Now, stop and think about what made you WANT to play the middleman. What was it about the original post or web site that made you want to spread the word? What was the motivator?

Next, ask yourself what would motivate people to spread the word about your news. Small businesses are getting more savvy about getting the original coverage. They're learning how to cultivate relationships with bloggers and journalists, how to buy coverage and how to submit ideas to social networks themselves. What many are still forgetting is the need to plan beyond that initial coverage. In the grand scheme of things, getting coverage is easy.

It's getting the middleman to spread the word that's a bit more difficult.

This is where it becomes essential to spend some time getting to know the personality of the middlemen in your industry. If you're looking to score a ton of votes on a social media site, spend some time reading posts on similar topics that have done well. Read the comments and see what people liked about the entry. Do a search on Technorati to see who is posting about a specific topic and do some reading to see why they're spreading the word.

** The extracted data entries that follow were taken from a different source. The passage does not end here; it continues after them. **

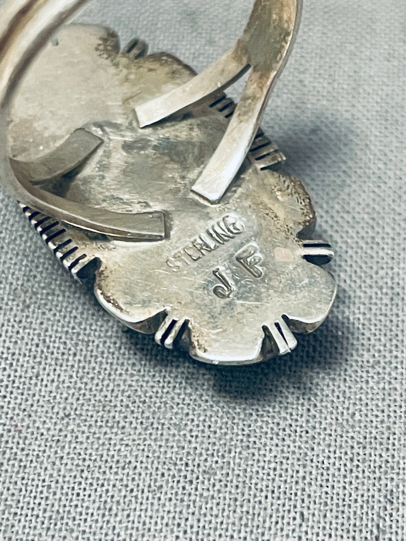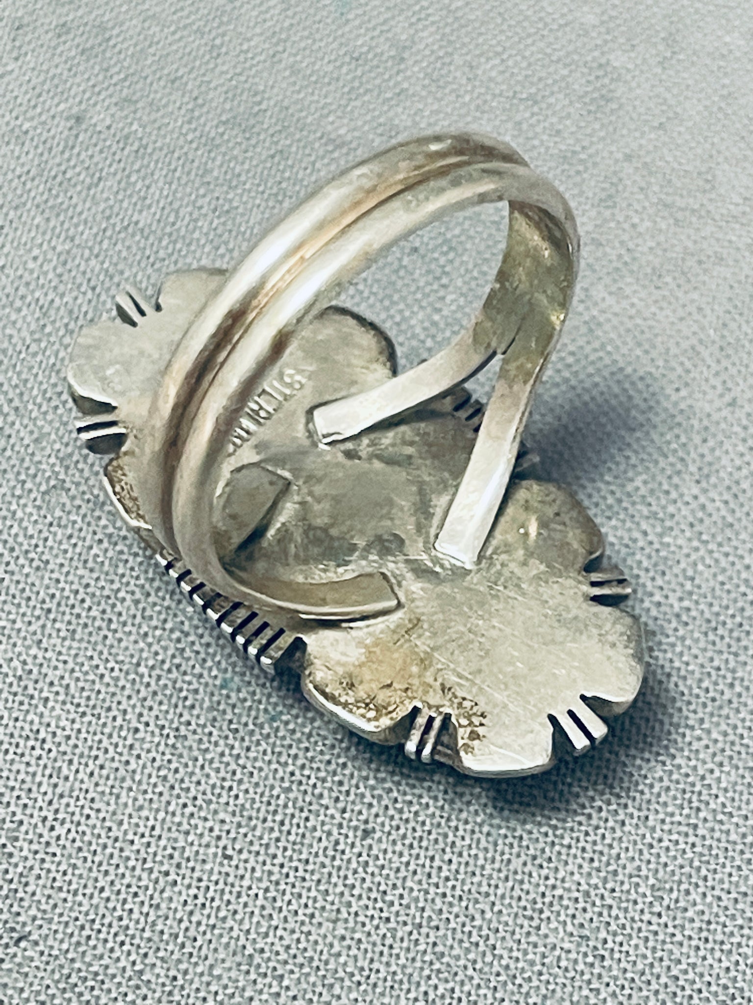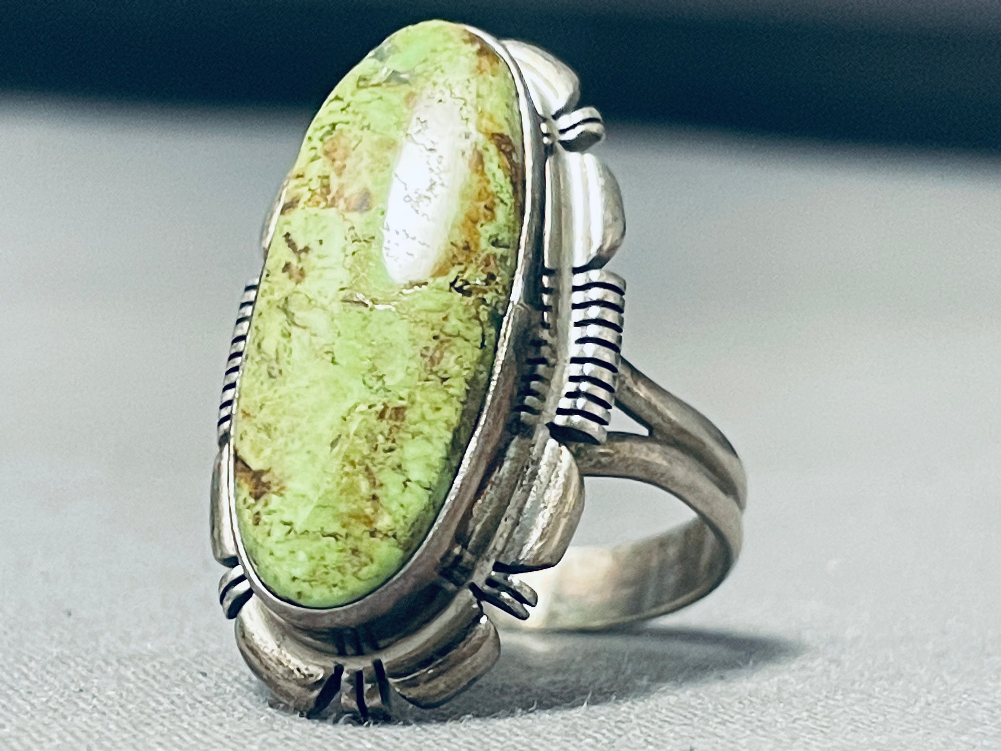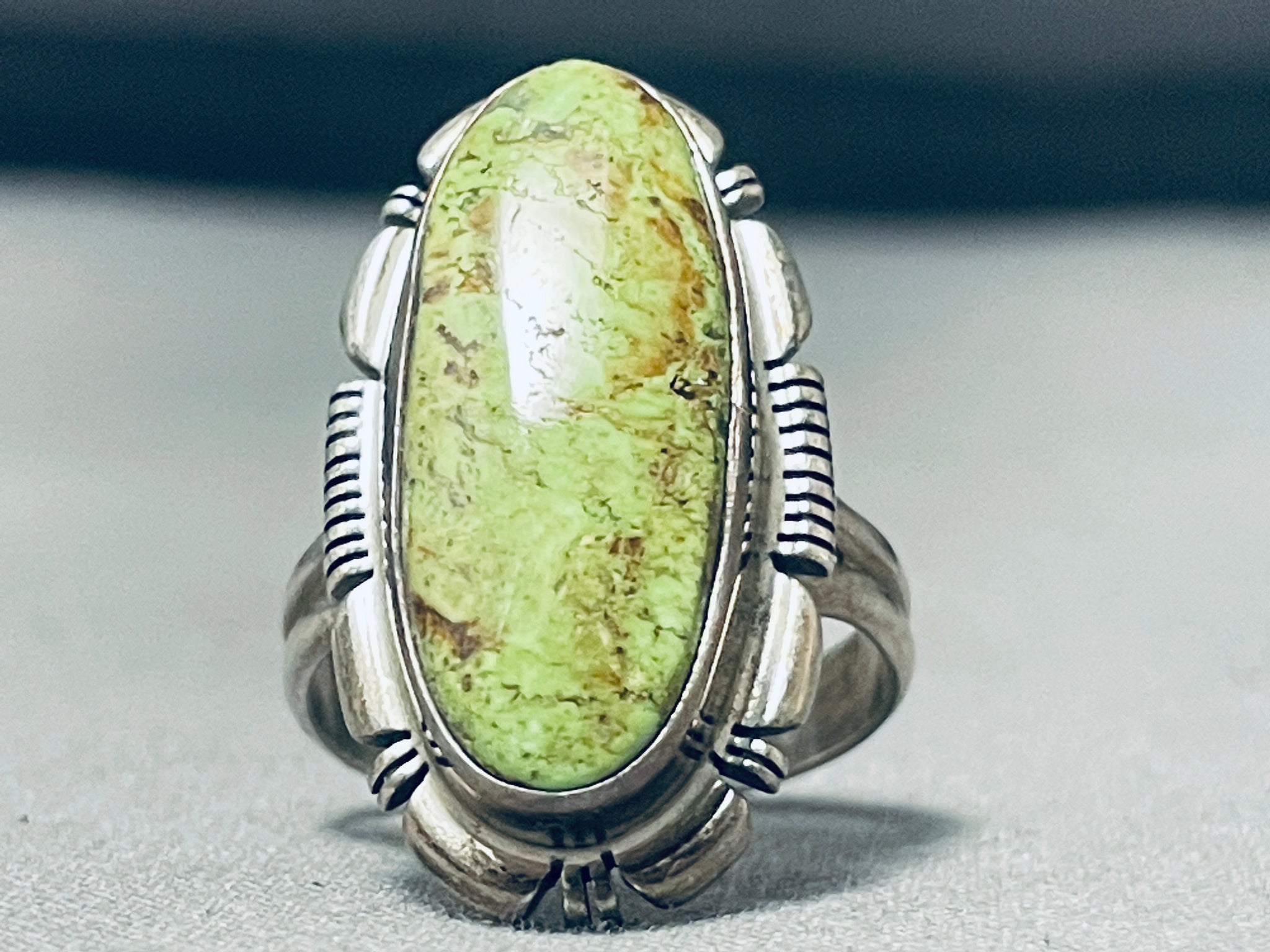 Signed Native American Navajo Gaspeite Sterling Silver Ring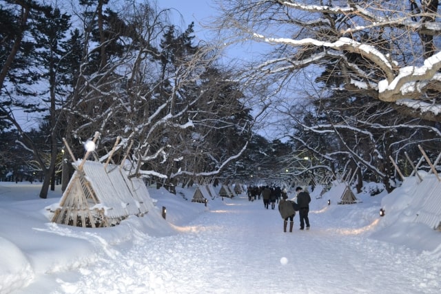 昼間は真っ白な雪景色、夜になるとそこに柔らかな灯りがともり、まるで別世界へ足を踏み入れたような気分になります。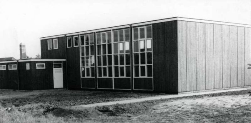 De houten gymzaal in 1968 op de hoek van de Ds. v. Krevelenstraat en de Goudenre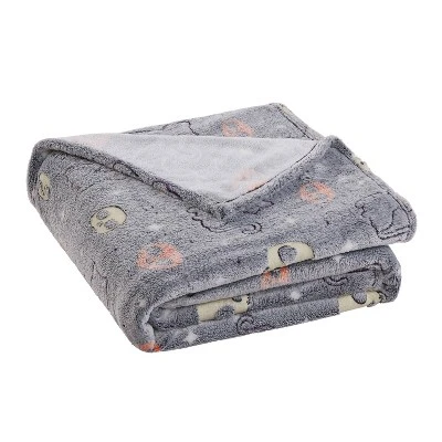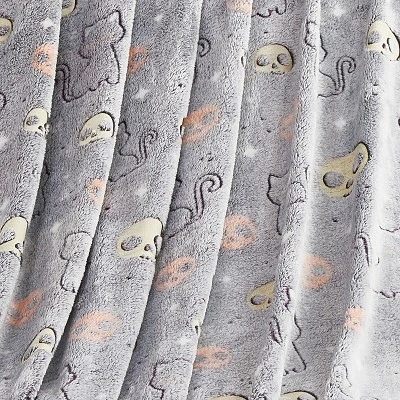 Make bedtime more fun with the VCNY Home Glow in the Dark Skelly Cats Plush Halloween Throw. A frightfully fun decorative throw for the Halloween season, this cozy plush throw features cats and skeleton designs that glow in the dark. You can activate the glow effect by first placing the throw by a light source and see it light up in the dark like magic! Made with super-soft plush material, this decorative kids’ throw measures 50 inches x 70 inches and is machine washable. You can keep this throw looking and feeling fresh by machine washing it in cold water and tumbling drying it on low setting as needed.
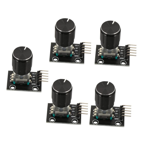 Enhance your projects with this set of 5 rotary encoder modules featuring a potentiometer rotary knob.These modules are ideal for industrial controls, robotics, photographic lenses, and computer input devices.Designed for stepper and servo motor control, they can also be used to manage devices like digital potentiometers.The 360-degree rotary encoder code is suitable for applications such as dvd players, household equipment, automotive accessories like car amplifiers, and volume control for personal and professional audio equipment.With the integrated key on the rotary encoder, you can conveniently reset the module to its initial state, starting the count from zero.These modules convert the angular position or motion of a shaft or axle into digital output signals, making them for machine applications.Compact in size at approximately 1.18 x 1.18 x 0.79 inches and lightweight at 2.01 ounces, these modules are easy to integrate into various setups.The black color and power module construction ensure reliability and seamless performance in diverse environments.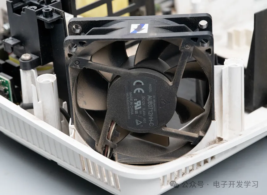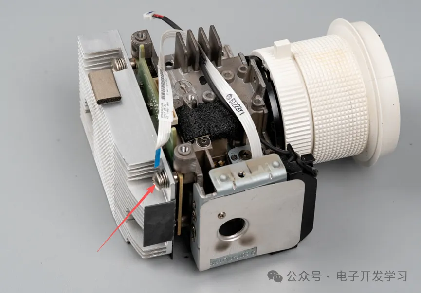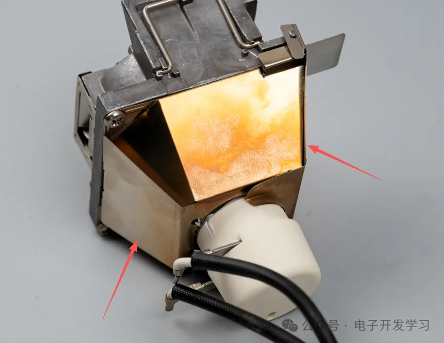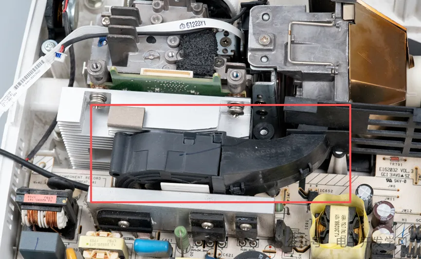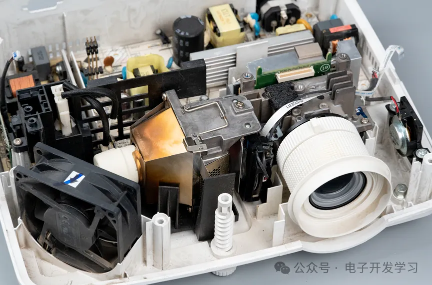 镜头后面的位置有一个风扇,风道导向了灯泡的散热器。实际上风经过这个灯泡之后,会从角落里那个风扇吹出去。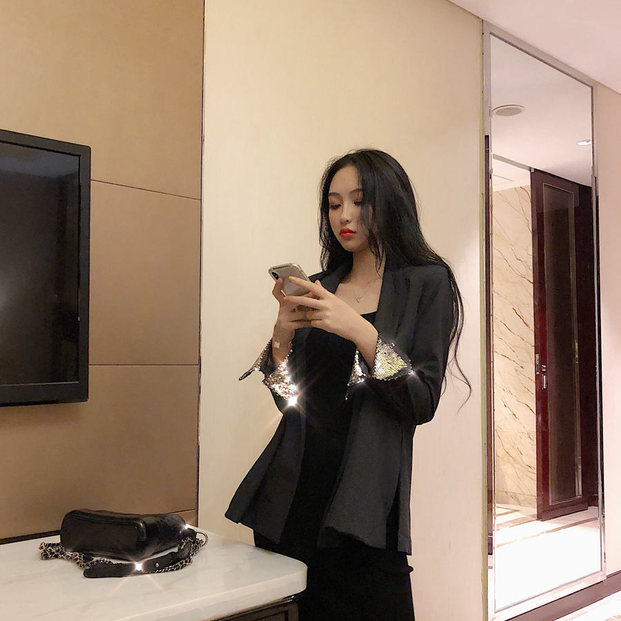 / 港味時尚復古風秋裝女2018新款高冷氣質bulingbuling袖小西裝外套
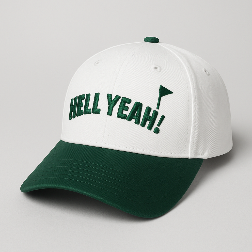 Bring some Master's magic to your round. The “Augusta Green” snapback pays homage to the hallowed grounds of Georgia with a crisp white crown and deep green bill. Finished with our embroidered Hell Yeah! flag logo, it’s a classic look for the player who shows up to win — or at least look damn good doing it.
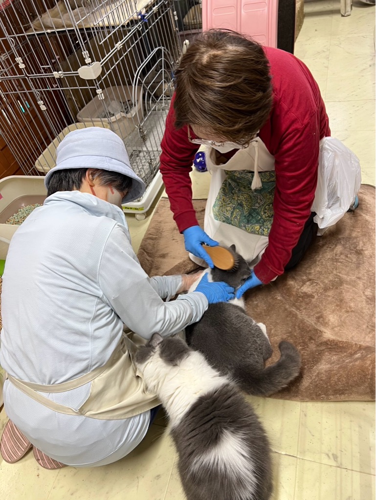 2階の猫部屋の猫ちゃん達のブラッシングと耳掃除、爪切りなど いつも有り難うございます😽💕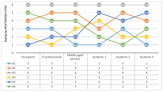 Here, denotes the number of the analysed alternatives and denote the number of the heuristics. Value for each alternative a and the heuristic Hn has to be determined as the interval where is the lowest estimate of the heuristics Hn, and is the highest estimate of the heuristics Hn among all five evaluators that presented their estimates for the heuristic Hn. In this way, the inconsistencies caused by the experience of the evaluators can be recorded for further data processing. We propose to employ MULTIMOORA-IVNS as the appropriate approach to deal with the uncertainty and inconsistencies of the collected data.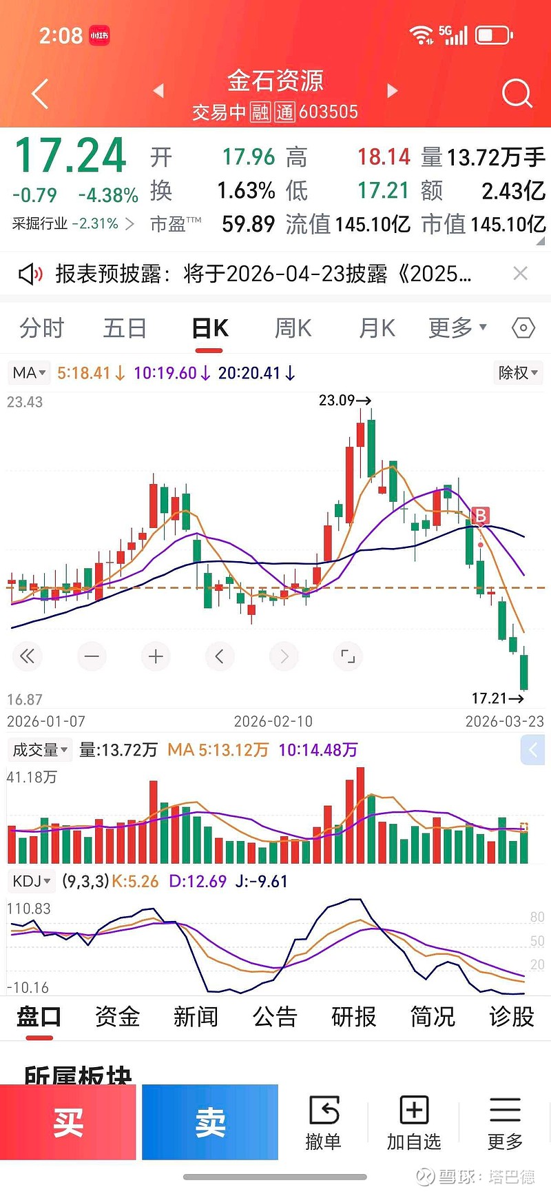 $金石资源(SH603505)$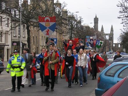 In front of Parliament Hall, Miss Laura Wilson, Convenor of the University of St Andrews Union Debating Society (the oldest “and some would say the finest” debating society in the realm), presented the Lord Rector with a scroll…

Do they share a sense of outrage? A sense of humor? A desire for a deal?

It may take you an hour or more to scan through posts to get a feel for what causes people to spread the original idea, but if you can leverage that insight to create a better initial offering, you'll reap the rewards several times over.

If you're looking to get ahead in the world of social media, stop trying to cut out the middleman and learn how to make friends with him (or her) instead.


February 5, 2008





Jennifer Laycock is the Editor of Search Engine Guide, the Social Media Faculty Chair for MarketMotive and offers small business social media strategy & consulting. Jennifer enjoys the challenge of finding unique and creative ways to connect with consumers without spending a fortune in marketing dollars. Though she now prefers to work with small businesses, Jennifer’s clients have included companies like Verizon, American Greetings and Highlights for Children.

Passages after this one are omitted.